Hybrid search, often referred to as multi-vector search, is the process of conducting searches across various vector fields within the same dataset. These vectors can represent different facets of data, utilize diverse embedding models, or employ distinct data processing methods and combine the results using re-rankers.
In this tutorial, you will learn how to leverage Milvus 2.4’s hybrid search capabilities to enhance your search. We’ll cover:
Create Sparse Embeddings
Create Dense Embeddings
Index your data in Milvus
Perform a multi-vector search using the same collection.
This tutorial will utilize the eSci dataset, a comprehensive product search dataset from Amazon. Additionally, we’ll use the BGE-M3 model via the pymilvus[models] library, which makes it easier to generate direct embedding within Milvus.
Introduction to Hybrid Search
Hybrid search is a powerful technique that combines the strengths of sparse and dense retrieval methods to enhance search results. Traditional sparse retrieval methods, while effective in certain scenarios, often suffer from limited expressiveness and lack of flexibility. Hybrid search addresses these limitations by merging sparse and dense retrieval methods, enabling more accurate and efficient search outcomes.
By leveraging the complementary strengths of sparse and dense vectors, hybrid search can capture both the exact matches and the semantic nuances of the data. This results in a more comprehensive and precise search experience. Whether you’re dealing with text, images, or other types of data, hybrid search can significantly improve the relevance and quality of your search results.

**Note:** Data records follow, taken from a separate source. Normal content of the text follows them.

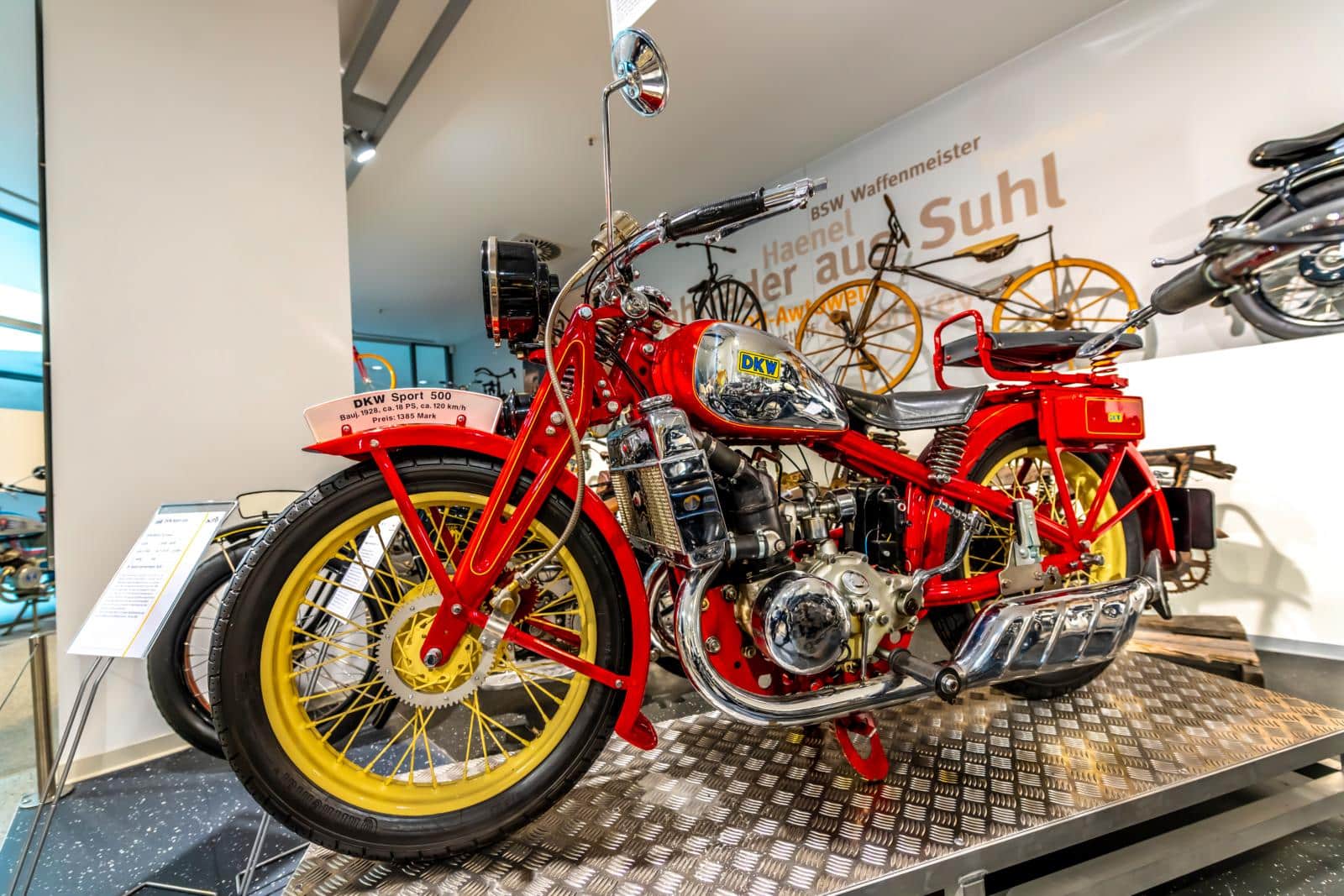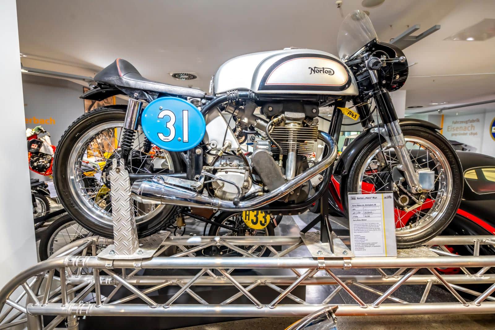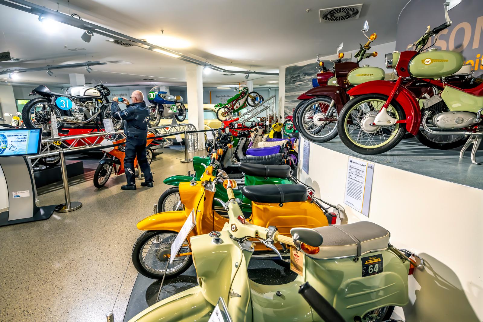 Weer een bochtige omweg, nu via Weimarschmieden, Geba en Stepfenshausen. We gaan verder door de Rhön, het zogenaamde land van de open vergezichten, met schaars struikgewas en bomen, totdat we in Meiningen aankomen. ‘Vandaag ben ik voor het eerst als echte stoker onderweg,’ grijnst Hermann in het stuurhuis van goederenlocomotief 92 739. Voor hem, en daarom valt de omschakeling van racegeoriënteerde stoker hem niet zo zwaar, een hele reeks witte klokken, zoals ze ooit de analoge cockpits van Ducati en Moto Guzzi sierden. We staan dus in de wereld van Dampflok Erlebniswelt in Meininger, waar aan de hand van de 92 739, de enige nog originele loc hier, die aan één kant is opengesneden zodat de werking van zulke rookspuwende kolossen kan worden uitgelegd. Gelijk naast de stoomlocomotieffabriek Meiningen, hét adres voor onderhoud en restauratie van historische spoorvoertuigen, kun je in de zomer elke zaterdag vanaf 10 uur een fabrieksrondleiding maken. Dagelijks geopend is ook het amusements- en natuurpark Thüringer Wald. Dillstädt, Bischofrod, Hirschbach – daar juichen niet alleen de motoren door het walsen door de bochten. Nog enthousiaster zijn de liefhebbers van classics in Suhl, door een bezoek aan het lokale Fahrzeugmuseum. Een belangrijk onderdeel van de uitgebreide tentoonstelling is de Vogelserie van Simson. En zo staan ze daar in hun kleurrijke blikken outfits: Schwalbe, Spatz en Star evenals Sperber en Habicht, plus de sportievere S50. Meer dan vijf miljoen van deze flitsers heeft Simson tot de val van de Muur geproduceerd. Vooral de onverwoestbare Schwalbe is zeer geliefd en gewild, ook in het ‘Westen’. Een 350cc Norton Manx M40, 4-takt straatracer uit de jaren ’60, staat als een paradijsvogel te midden van al het Oost-Duitse gerief. De Engelse motor werd gerestaureerd door de voormalige Simson-racespecialist Harry Riese. Het is een prima voorbeeld van dat de in techniek geïnteresseerde mens graag verder kijkt dan zijn neus lang is, zelfs als dat over het Kanaal of zelfs helemaal uit de ruimte komt.
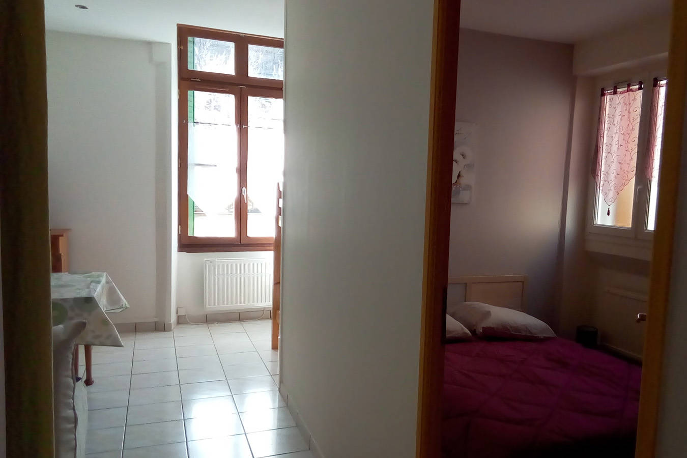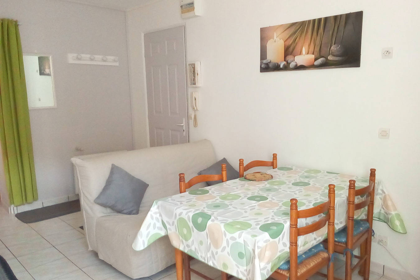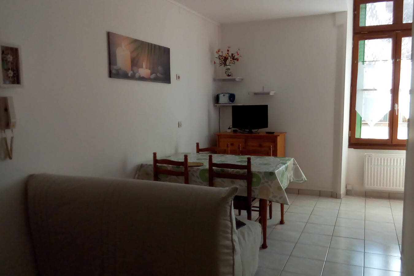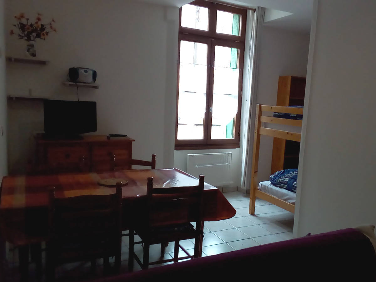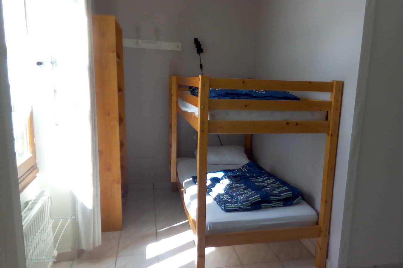 Le logement comprend un séjour avec table, canapé BZ, une télévision et un retour avec espace pour les lits superposés et une bibliothèque.
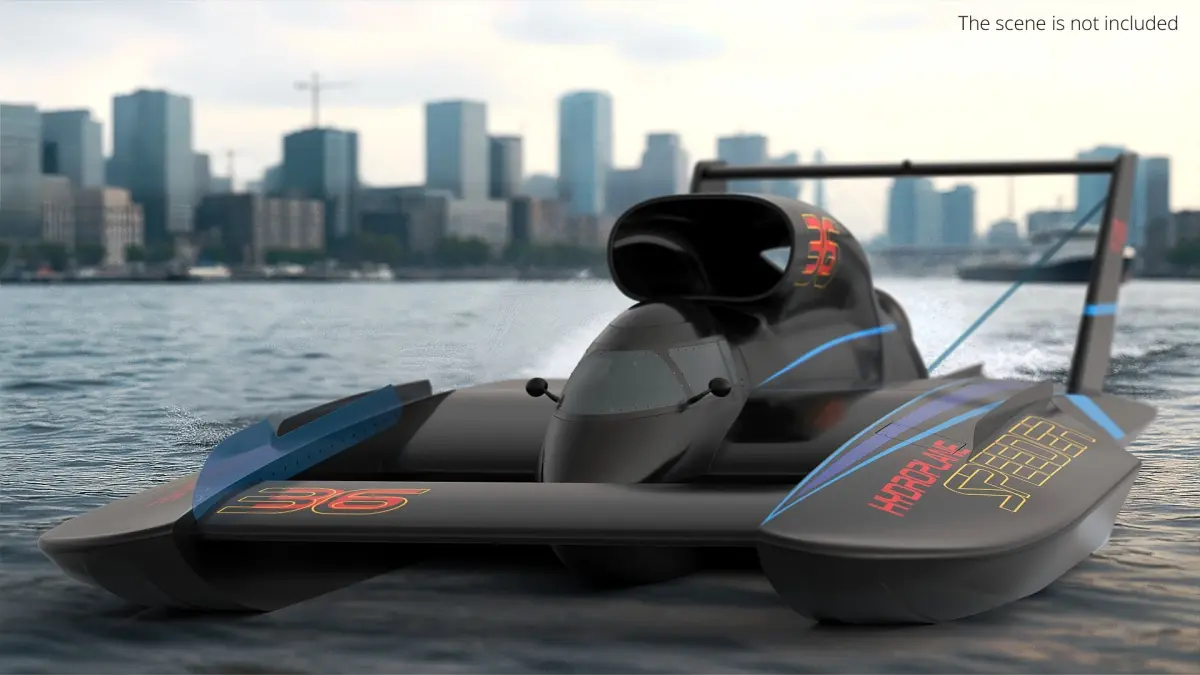 Jet Hydroplane Racing Boat Black Simplified is a 3d model of a high-performance racing hydroplane designed for competitive water racing.
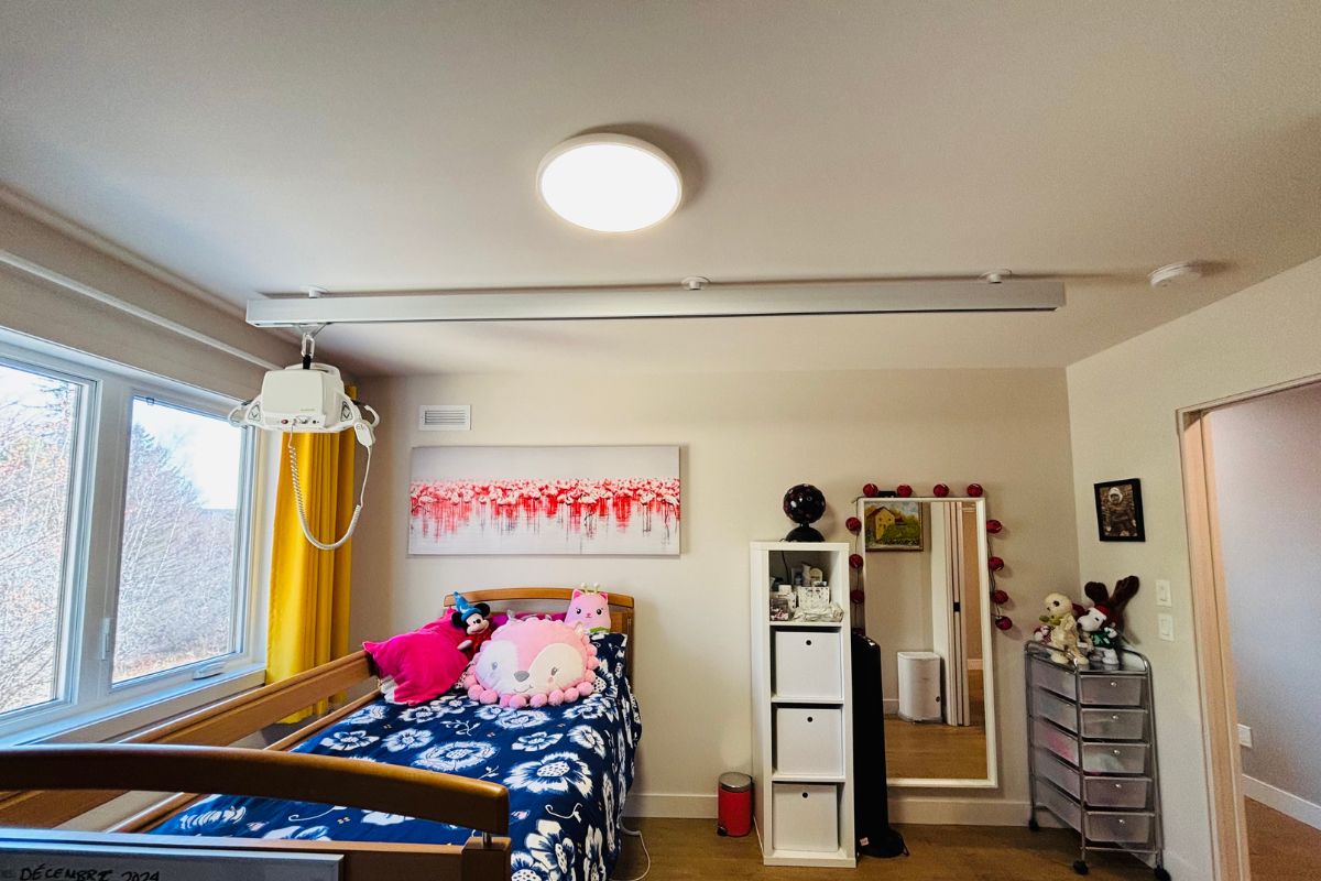 Maison unifamiliale adaptée avec ascenseur, espace ergonomique à la cuisine et dans la salle de bain avec grande douche à l’italienne. Il s’agit du modèle Le Mathéo, un jumelé transformé en maison unifamiliale et entièrement adaptée aux besoins de cette famille de Sherbrooke.
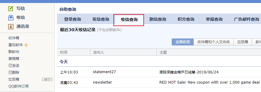 解决办法一:被QQ邮箱策略拦截的,a). 可以通过垃圾邮件找回(见下图)
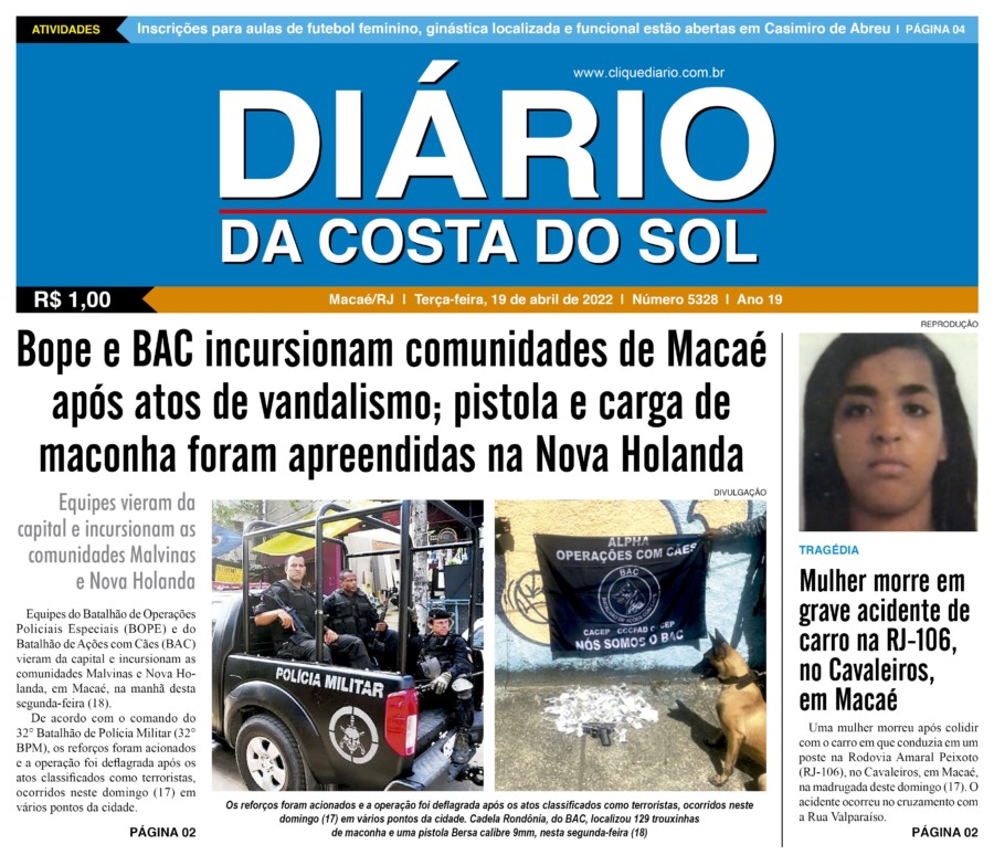Edições Impressas Edição de terça-feira 19/04/2022 nº 5328 Publicado em 18/04/2022 - 23:55 Escrito por Fernando Vitor Notícias relacionadas: Seguinte Edição de quarta-feira 20/04/2022 nº 5329 Anterior Edição de sexta a segunda-feira 15 a 18/04/2022 nº 5327 Fernando Vitor Notícias Recentes Cabo Frio11 horas atrás Evento em Cabo Frio reforça acolhimento e combate ao estigma da estomia Cidades12 horas atrás Rio das Ostras confirma sua X Conferência de Planejamento e Orçamento Participativo Arraial do cabo12 horas atrás Arraial do Cabo vive dias de casa cheia e forte impacto econômico Cidades12 horas atrás Macaé avança com montagem do Natal Magia e das Águas Dançantes Cidades12 horas atrás Quissamã celebra Semana da Consciência Negra com Festival no Quilombo Machadinha Cabo Frio12 horas atrás Cabo Frio destaca protagonismo feminino no lançamento da Revista Mulheres Negras Oportunidade13 horas atrás Rio das Ostras tem alta na oferta de vagas no Banco de Empregos nessa reta final de ano Polícia13 horas atrás Mulher acusa policial militar de agressão em Campos Saúde13 horas atrás Corrida Azul movimenta ruas de Silva Jardim e reforça cuidados com a saúde do homem Desenvolvimento15 horas atrás Maricá assina acordo com empresa chinesa para fabricação de tratores para a agricultura familiar Clique Diário E. L. Mídia Editora Ltda CNPJ: 09.298.880/0001-07 Redação: Rua Tupinambás 122 Gloria – Macaé/RJ comercial@diariocs.com (22) 2765-7353 (22) 999253130 Mais lidas da semana Cabo Frio5 dias atrás Cabo Frio promove ação do projeto Capoeiragem para registro de documentário Desenvolvimento5 dias atrás Rio das Ostras estreita relações com a Rede Petro BC de olho em eventos do setor de energia em 2026 Cultura6 dias atrás Moda e Prosa Caipira tem sua 6ª edição nessa quinta, 20, em Saquarema Cidades6 dias atrás Caravana de Natal Coca-Cola passa por Rio das Ostras e Casimiro de Abreu nessa quinta, 20
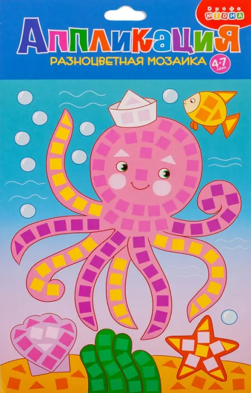 Разноцветная мозаика - это оригинальная и яркая объёмная аппликация. Детали мозаики выполнены из мягкого пластика ЭВА с переливающимся декоративным покрытием. Ребёнок с удовольствием украсит забавного осьминога, аккуратно отделяя нужные детали и приклеивая их на картинку. Когда картинка будет готова отрежьте верхнюю часть и полюбуйтесь проделанной работой!
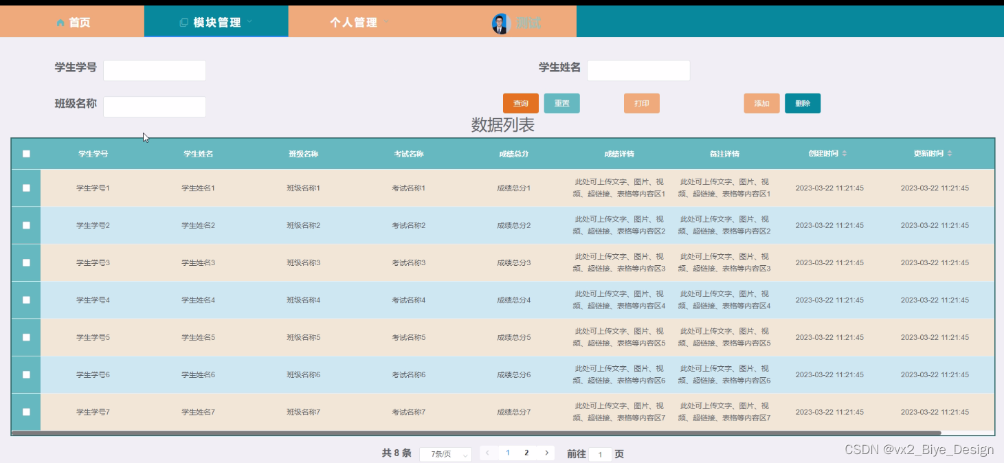 成绩信息管理,在成绩信息管理可查询、学生学号、学生姓名、班级名称、考试名称、成绩总分、成绩详情等内容,还可在该页面进行编辑删除详细等操作,如图5-7
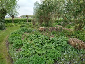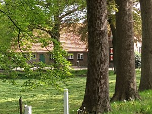 Ik wandel door het openstaande hek en vervolg mijn weg door het parkachtige bos, dat ooit behoorde aan de Havezate De Gelder. Ooit stond er een groot huis, maar dat werd tijdens de eerste wereldoorlog met de grond gelijk gemaakt en nooit meer hersteld. Wat rest zijn een paar bijgebouwen die de tijd hebben getrotseerd. Deze staan fier overeind en gaan vergezeld van een paar kanonnenn die in onbruik zijn geraakt. Ik steek de ‘Onder de Gelder’ over en kom op een lange laan, één van de vele lange lanen op deze route. Langs beide zijden staan grote struiken die wachten om in kleuren uit te barsten. In de beschrijving staat dat ik het eerste pad linksaf dien te gaan en dat het paaltje slecht zichtbaar is. Voor mij is, ondanks enig zoekwerk, het paaltje volledig onzichtbaar. Toch ga ik het pad in, even verderop raak ik de weg kwijt. Tractorbanden hebben diepe sporen in het pad en daarbuiten nagelaten. Sporen gevuld met regenwater. In de buurt van die sporen raak ik het spoor bijster. Hup de route op mijn telefoon er bij en door struikgewas kom ik weer op het rechte pad. Het is toch even wennen met een netwerkwandeling. Maar de rest van de wandeling gaat het goed met de paaltjes en met mijn opmerkzaamheid.
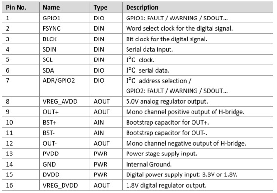 I2S數(shù)字輸入、3.1W單聲道D類(lèi)音頻功率放大器 |

Understanding Vector Search
Vector search is a type of search that uses vectors to represent data. Vectors are mathematical representations that capture the essence of data points, allowing for the calculation of similarities between them. In vector search, both the data and the search queries are transformed into vectors. The similarity between the query vector and the data vectors is then computed, and the most similar data points are returned as search results.
This approach is particularly useful for searching large datasets, as it enables efficient and scalable retrieval of relevant information. Vector search can be applied to various domains, including image and text search, where it excels in finding semantically similar items. By leveraging the power of vectors, you can achieve more accurate and meaningful search results.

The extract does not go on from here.